I’m treating myself in advance of going on a more restricted phase of my diet. This is not to be confused with cheating on my diet. I haven’t done that. I’m eating reasonably for a dieting person.
This is what I ate today.
Breakfast burrito at about 7 am. Made with scrambled egg beaters and a small, low carb tortilla.
Banana around mid-morning.
Black-eyed pea salad at about 11 am. Made with black-eyed peas, green salsa, and cilantro.
A few grapes at some point either before or after the salad.
Vegetable sushi at about 5:30 pm.
I don’t have a clue how many calories that adds up to. It’s been a long day. I don’t have the energy to add the ingredients one-by-one into an online diet log to add up the nutritional values. I think it’s at least possible that I’ve stayed under my target goal of 1300 calories for the day, though.
If I didn’t, I’m not sure I care. Did I mention the part about it being a long day?

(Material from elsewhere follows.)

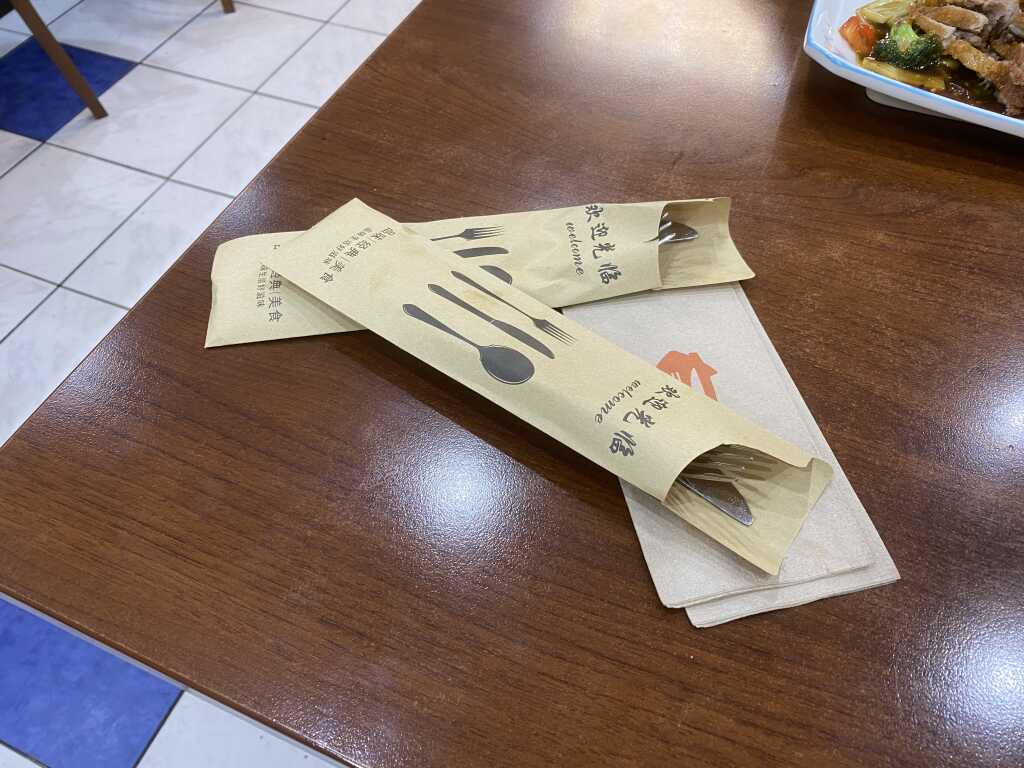 Das Besteck gibt es mittlerweile in einer Papiertüte und Servietten dazu

That’s what I told myself when I ate the banana. I didn’t plan to snack. It just happened. The banana was there, and I ate it. I didn’t, however, eat the muffins or the cheese pinwheels that were also there. The school set out snacks in my office suite today for everyone working at registration. We were the break room for the building. If all I did was eat a banana and a few grapes outside of my day’s intentions while everyone else was eating heartily all around me, I probably deserve some sort of prize.

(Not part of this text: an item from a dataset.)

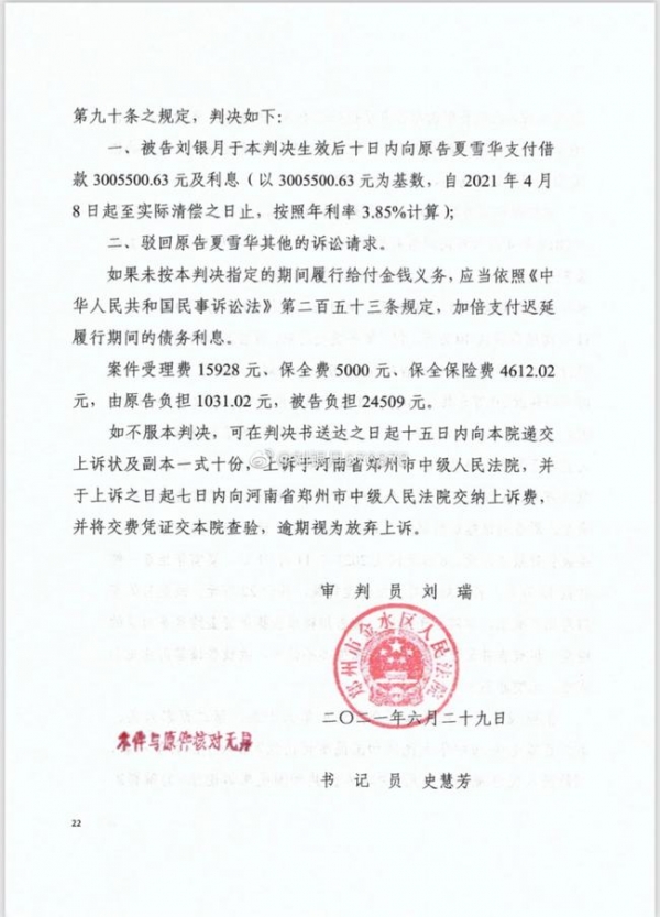 结合刘银月在微博发布的一份判决书还可知,案件经过二审,今年11月,法院判决刘银月支付夏雪华借款300余万元及利息。

In fact, I chose a prize for myself. That’s where the vegetable sushi comes in. It isn’t technically on my diet. The rice is not whole grain, you see. But sometimes you just have to untechnically diet.
Today was a particularly tiring day in that special way that registration days always are. I needed more than something to ease my hunger at quitting time. I needed little bites of comfort, and that’s exactly what vegetable sushi is. Heaven on a chop stick.
I have a theory too that even if you consume fewer calories and less substantive foods, you’ll feel full longer if you enjoy your food. Something in your basic human psychology tells you that everything is okay because you feel satisfied with what you’ve eaten.
Possibly, this is the secret of being skinny and Japanese. Or skinny and French. Eat things that please you, that give you a sense of having been rewarded by life. Eat only until you are no longer hungry, and move on with your day.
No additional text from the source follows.